++++ PROVIDED RECORDS
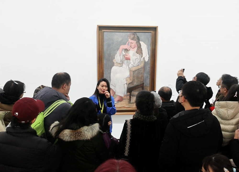 观众在毕加索名作《阅读的女人》前聆听讲解。(图片来源:本文图片均为陈伊摄)
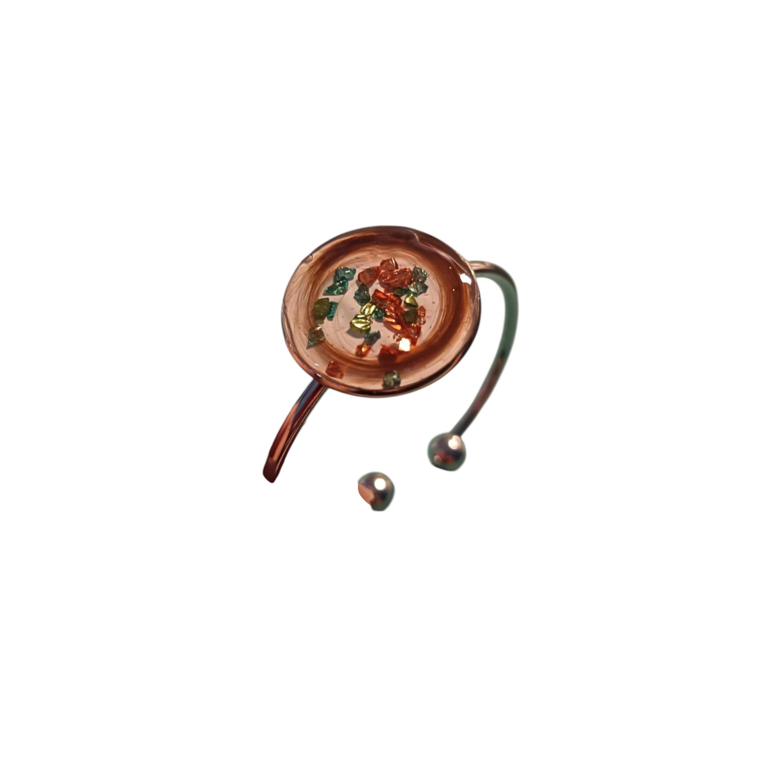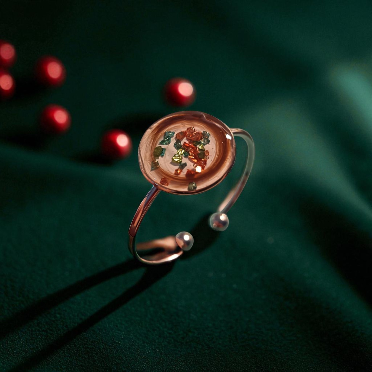 - Finition : L’ensemble est recouvert de résine époxy transparente, créant une protection durable tout en offrant un effet visuel captivant. La résine accentue les détails à l’intérieur et donne au bracelet un aspect brillant et poli, le rendant résistant aux éraflures.
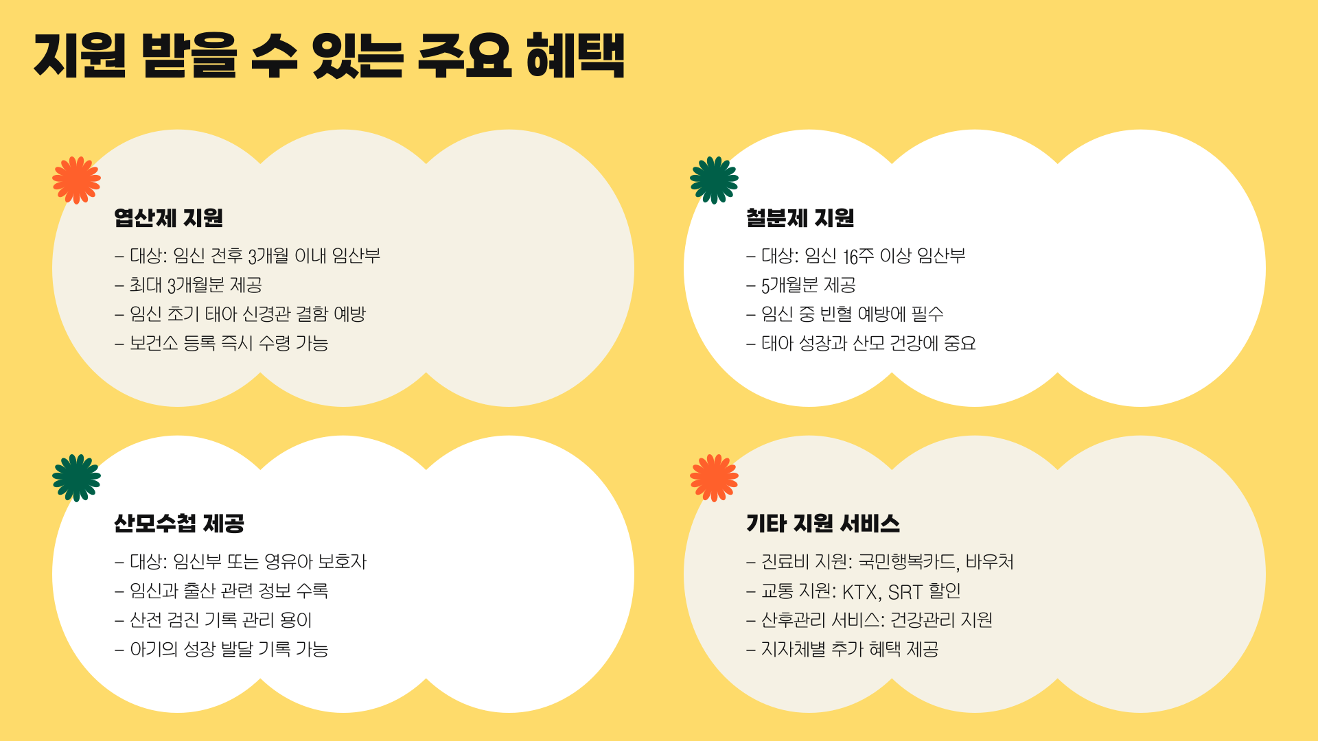 맘편한 임신 서비스로 받을 수 있는 혜택은 생각보다 다양하답니다. 그 중에서도 제일 중요한 건 엽산제, 철분제, 그리고 산모수첩이죠! 아래 표로 정리해볼게요.
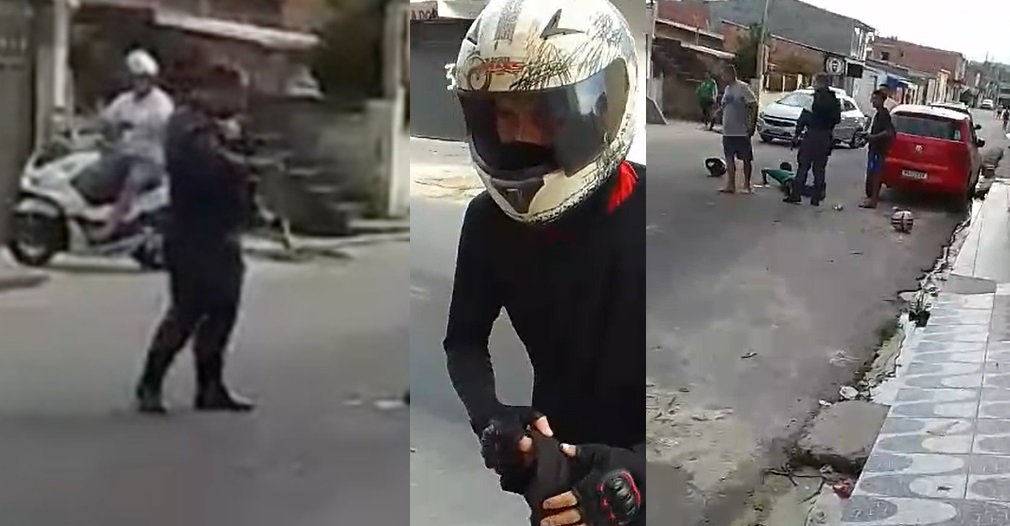 MANAUS – Um policial trocou tiros com dois bandidos nesta quinta-feira (5), prendeu um dos criminosos e ainda salvou o motoqueiro que chegava no trabalho. no Riacho Doce, Zona Norte. O bandido ainda foi baleado.
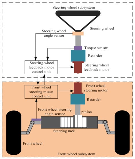 The architecture of the SBW system is illustrated in Figure 2. The steering wheel angle sensor can detect the actual driver steering angle, and the steering angle can be transmitted to the front wheel subsystem. The function of the front wheel subsystem is to track the expected front wheel steering angle.
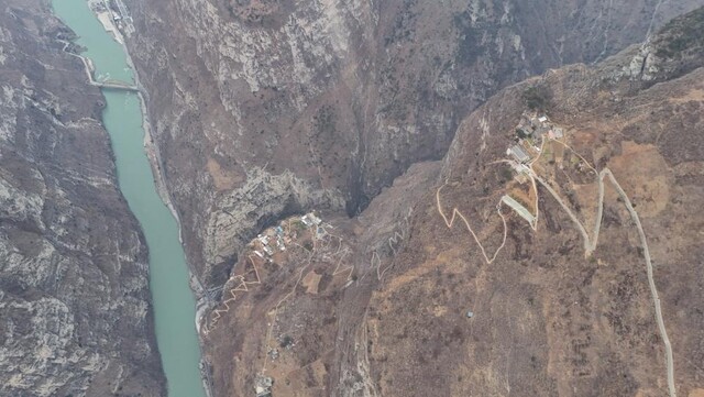 这是1月29日拍摄的地处大渡河大峡谷的四川省汉源县永利彝族乡古路村(无人机照片)。新华社记者 王曦 摄
++++++++
## ASSIGNMENT
Reproduce the listing above only between the lines holding "- Finition : L’ensemble" and "MANAUS – Um", inclusive. Every line must match exactly, and pictures are dropped.

## SOLUTION
 - Finition : L’ensemble est recouvert de résine époxy transparente, créant une protection durable tout en offrant un effet visuel captivant. La résine accentue les détails à l’intérieur et donne au bracelet un aspect brillant et poli, le rendant résistant aux éraflures.
 맘편한 임신 서비스로 받을 수 있는 혜택은 생각보다 다양하답니다. 그 중에서도 제일 중요한 건 엽산제, 철분제, 그리고 산모수첩이죠! 아래 표로 정리해볼게요.
 MANAUS – Um policial trocou tiros com dois bandidos nesta quinta-feira (5), prendeu um dos criminosos e ainda salvou o motoqueiro que chegava no trabalho. no Riacho Doce, Zona Norte. O bandido ainda foi baleado.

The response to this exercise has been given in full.